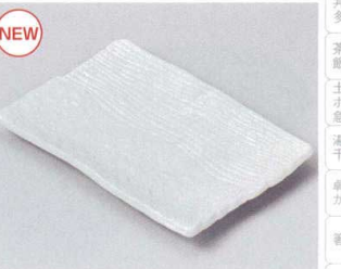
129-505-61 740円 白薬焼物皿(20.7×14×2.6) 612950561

--

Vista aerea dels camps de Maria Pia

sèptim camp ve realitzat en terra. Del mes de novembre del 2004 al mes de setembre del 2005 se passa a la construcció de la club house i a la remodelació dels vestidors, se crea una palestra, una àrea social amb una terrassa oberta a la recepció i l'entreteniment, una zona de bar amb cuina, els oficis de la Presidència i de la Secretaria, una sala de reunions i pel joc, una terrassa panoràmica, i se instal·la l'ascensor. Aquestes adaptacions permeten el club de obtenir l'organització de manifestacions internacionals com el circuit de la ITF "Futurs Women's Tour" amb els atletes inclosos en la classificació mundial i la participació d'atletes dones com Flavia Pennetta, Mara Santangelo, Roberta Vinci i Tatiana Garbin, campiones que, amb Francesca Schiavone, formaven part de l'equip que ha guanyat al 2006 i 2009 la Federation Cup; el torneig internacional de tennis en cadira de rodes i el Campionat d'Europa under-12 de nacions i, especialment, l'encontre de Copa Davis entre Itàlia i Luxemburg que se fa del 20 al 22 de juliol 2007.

...

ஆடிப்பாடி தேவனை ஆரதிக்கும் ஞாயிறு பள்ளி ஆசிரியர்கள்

- EXERCISE REQUIREMENTS -
Each line in the records that carries "dels" must be copied out.

- YOUR SOLUTION -
Vista aerea dels camps de Maria Pia
sèptim camp ve realitzat en terra. Del mes de novembre del 2004 al mes de setembre del 2005 se passa a la construcció de la club house i a la remodelació dels vestidors, se crea una palestra, una àrea social amb una terrassa oberta a la recepció i l'entreteniment, una zona de bar amb cuina, els oficis de la Presidència i de la Secretaria, una sala de reunions i pel joc, una terrassa panoràmica, i se instal·la l'ascensor. Aquestes adaptacions permeten el club de obtenir l'organització de manifestacions internacionals com el circuit de la ITF "Futurs Women's Tour" amb els atletes inclosos en la classificació mundial i la participació d'atletes dones com Flavia Pennetta, Mara Santangelo, Roberta Vinci i Tatiana Garbin, campiones que, amb Francesca Schiavone, formaven part de l'equip que ha guanyat al 2006 i 2009 la Federation Cup; el torneig internacional de tennis en cadira de rodes i el Campionat d'Europa under-12 de nacions i, especialment, l'encontre de Copa Davis entre Itàlia i Luxemburg que se fa del 20 al 22 de juliol 2007.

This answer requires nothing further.